This ensures benchmarks are only compared against baselines from equivalent hardware.

Robust Statistics

New in 0.1.0: Robust statistical methods for more reliable benchmark comparisons.

Why Use Robust Statistics?

Standard mean and standard deviation are sensitive to outliers. A single anomalous timing (e.g., from GC, OS scheduling) can skew results. Robust statistics provide:

  • Trimmed Mean: Removes extreme values before averaging
  • MAD (Median Absolute Deviation): Outlier-resistant measure of variance
  • Outlier Detection: Identifies and reports anomalous timings
  • IQR (Interquartile Range): Spread of the middle 50% of data

Enabling Robust Mode

benchGoldenWith defaultBenchConfig
  { useRobustStatistics = True  -- Enable robust statistics
  , trimPercent = 10.0          -- Trim 10% from each tail
  , outlierThreshold = 3.0      -- Outliers are 3+ MADs from median
  , tolerancePercent = 10.0     -- Compare trimmed means
  }
  "my benchmark" $ do
  -- your code here

How It Works

  1. Trimmed Mean: Sorts all timing measurements, removes the top and bottom trimPercent, then computes the mean of remaining values.

  2. MAD Calculation: Computes median(|x - median(x)|) - more robust than standard deviation.

  3. Outlier Detection: Any measurement where |x - median| > outlierThreshold * MAD is flagged as an outlier.

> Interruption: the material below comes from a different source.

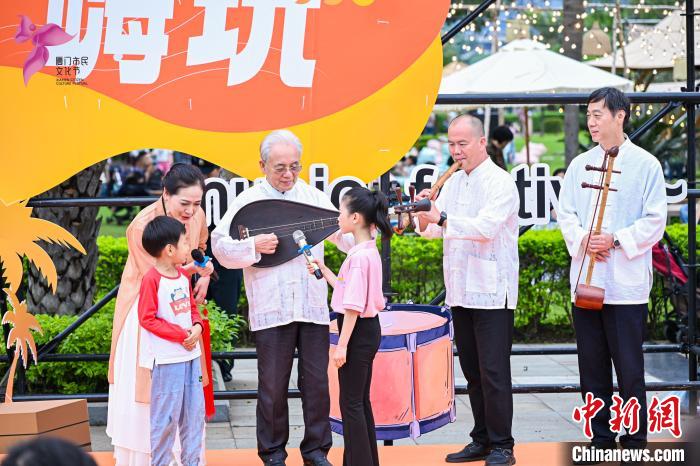 2024年5月,2024年廈門市民文化節(jié)上,卓圣翔(左三)與兒童觀眾互動(dòng)。(羅純禎 供圖)

  4. Comparison: When enabled, uses trimmed mean instead of mean for regression detection, and MAD instead of stddev for variance checks.

Outlier Warnings

When outliers are detected, you'll see warnings in test output:

Warnings:
  ⚠ 3 outlier(s) detected: 2.1ms 2.3ms 2.5ms

Outliers are reported but not removed - they're preserved in golden files for analysis.

When to Use Robust Statistics

Use robust statistics when:

  • Benchmarking in noisy environments (shared CI runners)
  • Operations subject to GC pauses or OS scheduling variability
  • Fast operations (< 1ms) with high relative variance (CV > 50%)
  • Sorting already-sorted data or other operations with occasional slowdowns
  • You see large max/stddev values with small mean times
  • You need more stable baselines across runs

Standard statistics may be better when:

  • Benchmarking isolated, long-running operations
  • You have dedicated benchmark hardware
  • Outliers are legitimate and should be tracked

Integration with CI

In CI environments, you may want to:

  1. Skip benchmarks (if CI is too noisy):

    GOLDS_GYM_SKIP=1 cabal test
    
  2. Use relaxed tolerance (for shared CI runners):

    benchGoldenWith defaultBenchConfig
      { tolerancePercent = 25.0
      , absoluteToleranceMs = Just 0.1  -- 100 microseconds
      }
      "benchmark" $ ...
    
  3. Enable robust statistics (outlier detection):

    benchGoldenWith defaultBenchConfig
      { useRobustStatistics = True
      , tolerancePercent = 20.0
      }
      "benchmark" $ ...
    

Troubleshooting

Random Test Failures Due to Measurement Noise

Symptom: Tests fail intermittently with small percentage increases despite negligible absolute time differences:

Mean time increased by 35.5% (tolerance: 15.0%)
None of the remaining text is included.